[Tagging] Coastline for rivers, estuaries and mangroves?

Joseph Eisenberg joseph.eisenberg at gmail.com
Thu Sep 13 07:40:17 UTC 2018

Re: "Data consumers have a right to being able to interpret the data as the
mapper intended"

For data users, it would be most useful if the coastline is in a consistent
position in relation to the sea and land, clearly.

In the past, it was decided that the coastline would represent the high
tide line, and the first OSM mappers generally put the coastline up at the
tidal limit of rivers (which were easy to verify for them, because there is
usually a dam or weir at that location in England).

But perhaps we need to start adding second line to represent the average
low tide, to define the intertidal zone. Right now the only way to see if
an area is in the intertidal zone is if a natural area has been tagged
outside of the coastline. This works for shoals, beaches and wetlands, but
it's a little ambiguous. If we start mapping the low tide line, this will
clearly show the interidal zone. This outer line could also be defined to
cut across rivers and estuaries at the mouth, similar to how political
baselines are defined (however, it would not be arbitarily defined like the
baseline). The part of the river between the OSM coastline and the "low
tide line" would represent an estuary.

Thinking about the limits of the intertidal zone would make it clear that
the high tide line (=coastline in OSM) should not be a tangent across the
mouth of an estuary. A brackish estuary is a boundary environment between
marine and fresh water, just like the intertidal zone is transitional
between land and sea.

The high tide line or coastline then would define the largest extent of the
marine environment and the minimum extent of land plus inland waters.

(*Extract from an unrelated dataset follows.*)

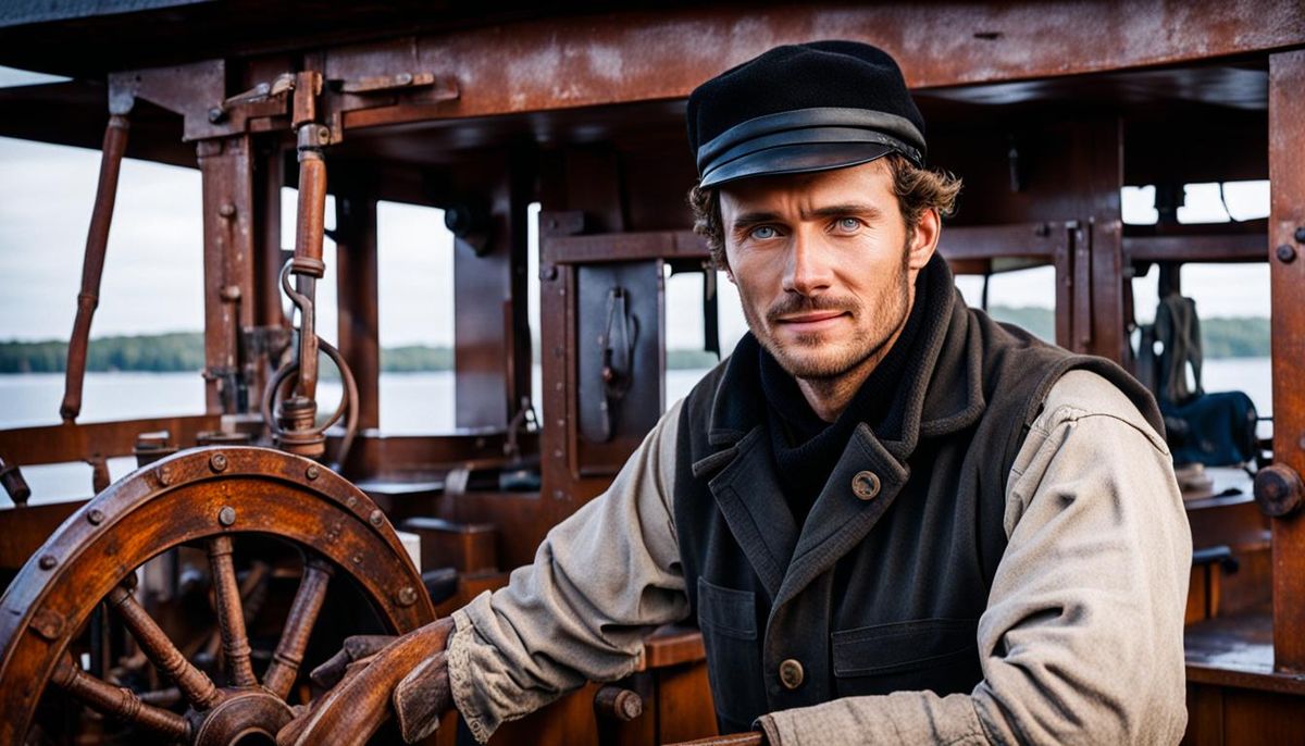 This image shows a young man working on a riverboat. He is standing at the wheel, wearing worn boots, a thick sailor's coat, and a black woolen hat.

The
low tide line could, in contrast, show the smallest extent of the marine
environment and the largest possible definition of inland waters.

In this case, I would think it would make sense to start mapping water
areas for estuaries. Even though the water would be outside the coastline
(and therefore already could be rendered with no problems), mapping the
area of estuaries and intertidal waters would clearly define the size of
estuaries and the extent of this zone.

I know that in the past, others have said that defining estuaries would
just create 2 limit problems: you would have to decide where the estuary
turns into river and where it turns into sea, while setting the coastline
is just one decision. But this would be a compromise that lets everyone get
their preferred data, and allows 3 color of lakes / rivers / sea. In fact,
a renderer could choose to render estuaries the same as river, or the same
as sea, or even as a gradient between the two, because they would be
defined. Right now, with varying locations of the coast it's not feasible
to render rivers and sea differently with OSM data, and it's not possible
to measure the size of estuaries directly.

Would these advantages be worth the extra work of tracing a second line
along the coast?

Joseph Eisenberg

On Tue, Sep 11, 2018 at 4:34 PM Colin Smale <colin.smale at xs4all.nl> wrote:

> On 2018-09-11 08:27, Graeme Fitzpatrick wrote:
> We will need to be a little pragmatic, because OSM mappers are never going
> to be able to do a proper survey of the coastline
> I agree, but we also can't easily say where the tidal limit reaches?
> In most cases the state mapping or hydrography agency will know. They have
> the gear, the knowledge and the mandate to make that determination.
> but that is a separate issue to the COASTLINE discussion.
> Maybe, but personally, I still think that the river banks shouldn't be
> marked as coastline, & that the coastline should cut across the river at
> the coast, so I guess we may agree to continue disagreeing :-)
> I guess so, but what is at stake here is not getting you or me to change
> our minds, but to define what the word means in an OSM context. Mappers may
> also disagree about the definition of "highway" (including or excluding the
> grassy bits?) but IMHO data consumers have a right to being able to
> interpret the data as the mapper intended. If different mappers use a tag
> in differing ways, how is the consumer to know the intention? Having
> differing conventions for each country is just about doable, but if
> individual mappers all have their own definitions, the data becomes less
> valuable. There is much discussion and debate about selected tagging
> topics, but the only thing that really counts is the result, conclusion,
> consensus etc that should come out of it. Unfortunately it rarely does, and
> that saddens me.  OSM is broadening its reach to more and more parts of the
> world, and that is good, but there needs to be equal effort put in to the
> depth of data and the quality (consistency) of the data.